Евгения Кайдалова - Дело кролика
Однажды Василию Петровичу пришлось выбраться в город — одному из старых друзей исполнилось сорок дней. Девять дней Василий Петрович пропустил и чувствовал себя виновато. Однако поездка на такси из Беляево на площадь Ильича и обратно заставила его лишиться всех многочисленных мыслей о вечном. Он сознавал, что разглядывает отстроившуюся Москву, как крестьянские дети — барскую усадьбу — восхищенно и подобострастно.
Он видел что-то, выходящее за рамки нынешнего века, не понимал и даже побаивался всех этих немыслимых стеклянных высот и матового оконного блеска. Василий Петрович всегда любил гулять по главным улицам больших городов или наблюдать за живо бурлящей стройкой. Оба эти зрелища неизменно наполняли его уверенностью в том, что страна растет и цветет, какую бы правду об этой стране он ни знал на самом деле.

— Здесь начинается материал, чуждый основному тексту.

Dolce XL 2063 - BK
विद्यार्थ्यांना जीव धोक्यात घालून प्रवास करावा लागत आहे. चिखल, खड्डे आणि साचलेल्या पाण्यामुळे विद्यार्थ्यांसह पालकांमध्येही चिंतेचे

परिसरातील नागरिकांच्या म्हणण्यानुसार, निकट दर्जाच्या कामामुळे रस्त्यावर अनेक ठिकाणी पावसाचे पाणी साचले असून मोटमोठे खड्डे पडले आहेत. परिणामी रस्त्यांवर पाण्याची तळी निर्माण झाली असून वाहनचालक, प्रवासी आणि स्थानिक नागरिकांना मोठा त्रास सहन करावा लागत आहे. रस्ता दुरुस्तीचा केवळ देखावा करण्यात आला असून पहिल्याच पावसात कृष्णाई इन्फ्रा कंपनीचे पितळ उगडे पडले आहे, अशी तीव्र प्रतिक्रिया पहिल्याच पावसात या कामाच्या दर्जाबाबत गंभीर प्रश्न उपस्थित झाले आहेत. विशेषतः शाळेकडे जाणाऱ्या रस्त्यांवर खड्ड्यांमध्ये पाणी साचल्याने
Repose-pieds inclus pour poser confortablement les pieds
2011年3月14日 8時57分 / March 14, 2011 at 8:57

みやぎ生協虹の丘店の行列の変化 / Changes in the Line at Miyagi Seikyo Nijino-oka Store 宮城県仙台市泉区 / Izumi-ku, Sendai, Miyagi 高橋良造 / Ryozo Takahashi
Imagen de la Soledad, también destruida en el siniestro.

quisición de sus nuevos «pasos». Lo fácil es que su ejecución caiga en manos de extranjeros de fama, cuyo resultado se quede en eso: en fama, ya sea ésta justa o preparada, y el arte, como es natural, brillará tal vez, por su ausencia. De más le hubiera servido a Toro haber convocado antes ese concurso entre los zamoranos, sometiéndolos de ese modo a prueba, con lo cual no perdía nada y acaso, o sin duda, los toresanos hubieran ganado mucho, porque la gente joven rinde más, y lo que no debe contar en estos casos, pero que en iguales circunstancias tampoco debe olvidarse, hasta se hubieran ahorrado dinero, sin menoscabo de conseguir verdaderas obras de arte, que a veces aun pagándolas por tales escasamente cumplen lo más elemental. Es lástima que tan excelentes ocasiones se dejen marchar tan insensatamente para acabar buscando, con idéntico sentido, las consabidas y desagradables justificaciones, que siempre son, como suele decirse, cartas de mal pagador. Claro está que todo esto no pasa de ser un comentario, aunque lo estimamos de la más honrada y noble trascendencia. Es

Он позволял себе обмануться. На время. На чуть-чуть. И только потому, что был крепко убежден: Василий Петрович Русаков — это тоже страна. Это — и есть страна. Одна из миллионов здоровых, полноценных клеток, которые ее составляют. И как можно было существовать, не веря, хотя бы временами, что если державный организм и стонет, то лишь от избытка сил.

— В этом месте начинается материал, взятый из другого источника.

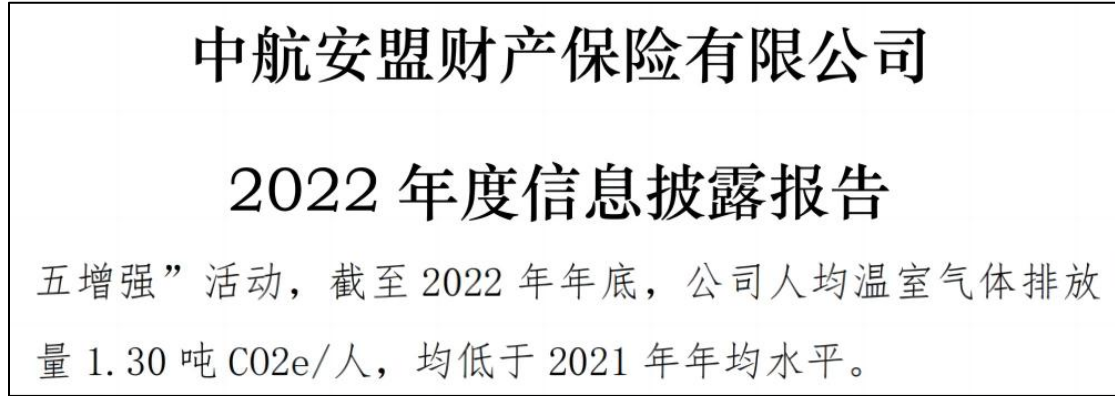
图 4 中航安盟碳强度披露情况

在碳排放和能源消耗方面，人保财险与鼎和保险均披露了相关数据，而中国大地保险仅披露了能源消耗情况，中航安盟仅披露了碳排放强度 7 。
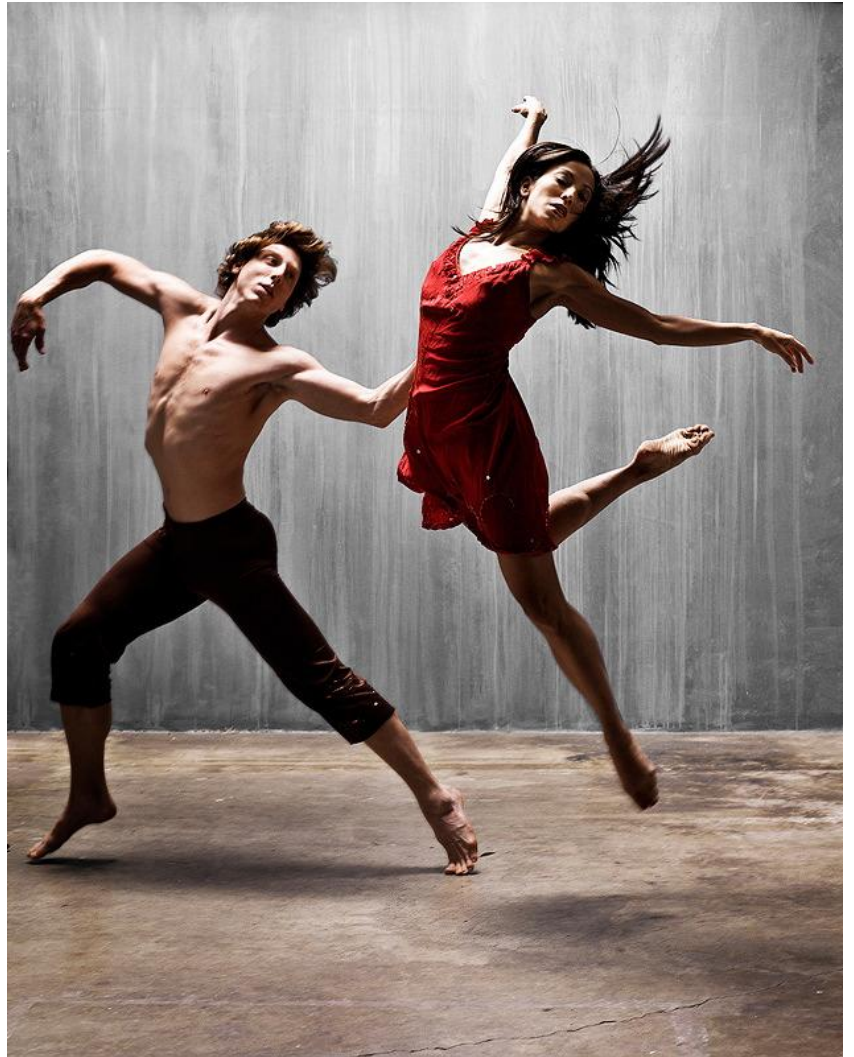
Un couple de danseurs modernes

Arrivés à destination : Silence! Le public applaudit.

Теперь же радужные прогнозы уже не приходилось насильственно внушать: организм и вправду стремительно рос, хоть и покрытый гнойными болячками, как прыщавый подросток. Но он уже не признавал Василия Петровича своей частью; скорее, тем, что идет на слом, или закладывается в фундамент…
Но здания все-таки были хороши! Огромные, чистые, сверкающие. Они напоминали могучие океанские суда в порту Владивостока. Те стояли радостные, пломбирно-белые под ярким солнцем, и Василию Петровичу всегда казалось, что несколько его лет, проведенных во Владивостоке, были такими же невероятно значительными и светлыми, как эти корабли. Он был начальником кадрового отдела на судостроительном заводе и секретарем парторганизации. Все эти годы ему казалось, что люди, пусть в чем-то и недолюбливая своего парт-секретаря, в целом относятся к нему так, как если бы неравный брак партии и народа мало-помалу превратился в брак по любви…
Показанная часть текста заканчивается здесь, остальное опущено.